“Palaeon” is the name of the newest prehistoric man museum in Germany. The focus is on the wild horse hunt in Schöningen (Lower Saxony): the oldest javelins in the world were found there. With their age of 300,000 years, they also fit – purely theoretically – with the Steinheim prehistoric man.
Nowhere in the world has processed wood been able to survive as long as in the North German lignite basin near Helmstedt. Between 1994 and 1998, seven wooden spears were found ten meters underground. They were able to survive for a good 300,000 years because they were kept permanently moist on the one hand and sealed airtight on the other. This protected them from decay and rot in equal measure.
But not only the state of preservation of the Schöningen spears was a world sensation. The processing technology for hunting weapons also made headlines around the world. It changed the image of early man in the Palaeolithic. The spruce wood was up to two and a half meters long and strangely enough thicker in the front third than in the back. It was only when throwing that it became apparent that the center of gravity was optimally balanced in this way. Sports scientists were able to prove in experiments that the flight characteristics of the ancient wooden javelins are comparable to today’s Olympic javelins made of metal.
Schoeningen spears are scientifically assigned to Homo heidelbergensis. So far, only simple hand axes and flakes have survived from this type of prehistoric man. It was imagined in a relatively primitive way as a scavenger and fruit collector who could at most prey on smaller animals. Composite tools made of stone and wood as well as coordinated group hunting of herds of game were first believed to be capable of the anatomically modern human being, Homo sapiens. That has changed since the Schöningen excavations.
Thousands of bone fragments prove that large and fast wild horses were hunted here. Weapons and tools show that the booty was gutted and processed on the spot. The entire find complex shows that people were able to create perfect long-distance weapons and plan effective division of functions much earlier. The European Homo erectus, the so-called Heidelberg prehistoric man, was closer to us in terms of creativity and communication than previously thought.

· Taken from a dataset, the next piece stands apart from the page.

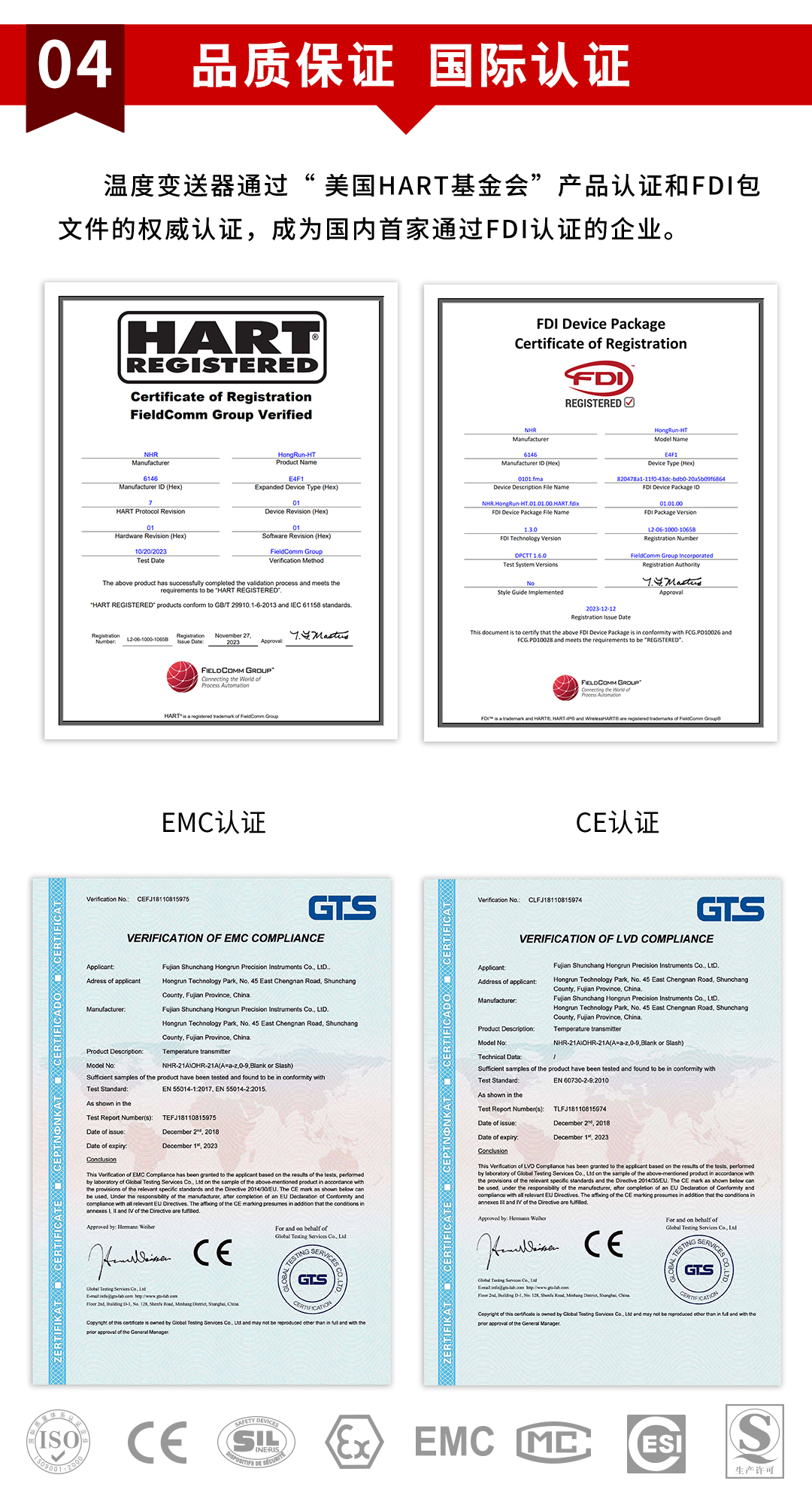 虹潤(rùn)公司是專業(yè)生產(chǎn)溫度變送器的國(guó)家專精特新“小巨人”企業(yè)。生產(chǎn)的LCD 隔離智能溫度變送器,具有熱電阻熱偶信號(hào)全切換輸入,精度高,穩(wěn)定性好,輸入輸出隔離,帶HART或RS485通訊等特點(diǎn)。該產(chǎn)品不僅通過HART基金會(huì)認(rèn)證、德國(guó)萊茵 CE 認(rèn)證與 SIL 功能安全認(rèn)證,還獲得具備減震抗干擾能力的溫度變送器、信號(hào)隔離器、一種二端子模塊、無源信號(hào)隔離器等4項(xiàng)國(guó)家發(fā)明專利,主持起草物聯(lián)網(wǎng)智能溫度儀表、現(xiàn)場(chǎng)設(shè)備工具(FDT)接口規(guī)范、工業(yè)過程測(cè)量和控制系統(tǒng)用溫度變送器等3項(xiàng)國(guó)家標(biāo)準(zhǔn),以及通信系統(tǒng)多通道數(shù)據(jù)采集控制終端規(guī)范軍用標(biāo)準(zhǔn),參與國(guó)際5G標(biāo)準(zhǔn)制定,取得高精度溫度變送器等5項(xiàng)相關(guān)軟件著作權(quán)。產(chǎn)品廣泛應(yīng)用于石油、化工、電力、冶金、制藥、食品、水處理等各種工業(yè)領(lǐng)域。

The presentation of the new museum is correspondingly modern. Set in the middle of a barren steppe landscape, the futuristic glittering building catches the eye from afar. Hardly any right angles, everything sloping and pointed. Glass and metal reflect the landscape and cloudy sky. The “Palaeon” is right on the edge of the abyss: Right behind it begins the kilometer-wide hole in the ground where giant excavators have been mining lignite for decades. Only a single pedestal remained at the edge, and the excavators had to make a detour around it. This is the site where the spears were found, the former hunting ground on the shore of a large lake.
The new museum was planned as a “research and experience center”. Especially for children there is a lot to discover and a lot to unravel. The state government of Lower Saxony has expressly declared the new museum to be an “extracurricular place of learning”. This encourages visits not only from school classes, but also from day-care centers and youth groups. Catchy motto: “Discover the primitive man in you!”
The “Palaeon” is a museum offering with all senses: There is a lot to see and hear, sometimes confusingly too much. The primeval man himself is therefore a successful highlight and resting point. Although no bones of his own were found in Schöningen, he was reproduced here in plastic (“dermoplasty”). Life-size and naked he squats there, tanned and looking real down to the last hair on his chest and beard. In his hands he holds a huge horse skull. His view stretches far out of the window – directly to his ancient hunting ground by the lake, ie to today’s place of discovery of animal bones and hunting weapons. This small, well thought-out staging is one of the best that museum design and museum didactics have developed for the presentation of prehistory.
The state of Lower Saxony financed the new building with around 15 million euros. But the new museum would not exist without the “Schöninger Speere Friends’ Association”. When the association was founded in 2000, his main concern was still a bold vision: the establishment of a “research and training facility” on site. The dream has come true, after only 13 years. Otherwise – this much is certain – the spears would not have remained at the place where they were found, but would have been presented elsewhere in the country.